Kibana RSS memory spike seen in performance test

EricDavisX commented 2 years ago

Cluster version & info: 8.3.0-SNAPSHOT is where the memory usage spike is seen. Note, it was there, but not as bad until about 25 days back (mid-April). The test is run against CFT (us-west2) region of GCP.

Original install method (e.g. download page, yum, from source, etc.): The kbn-alert-load test runs multiple versions in cloud and allows team to visually compare. See screenshot below.

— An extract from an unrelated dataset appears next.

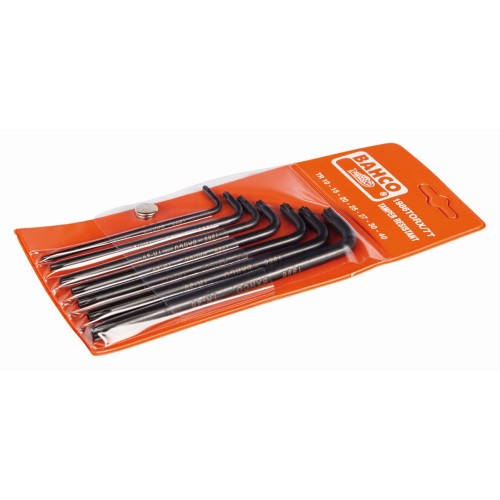 Juego de 7 llaves tipo allen hexagonales TORX® largas y fosfatadas, TR10-TR40

Describe the bug: The memory spike early in the test (2 minutes in) after all rules are created and the processing of all 1000 of them is in full force.

Steps to reproduce:

on a fresh install, create 1000 rules a via scripting with 50 percent of them firing actions and wait 2 mins to monitor memory

The kbn-alert-load tool can be used to help test / validate this, though not easily against branch PR code.

Expected behavior: The memory spikes, but only up to around 800 million bytes. This is where we saw performance prior. It is noted that the default cloud memory cap for Kibana is right at 800 million bytes.

Screenshots (if relevant): kib-rss-mem-spike

Errors in browser console (if relevant): n/a

Provide logs and/or server output (if relevant): the test is in CFT, so we don't have Kibana logs yet - we can tweak execution to longer and then inspect (and capture) logs live, help is appreciated - ping the Resp Ops team as needed.

Any additional context: In Slack, Jonathan Budzenski had asked for the issue and to ping all 3 teams.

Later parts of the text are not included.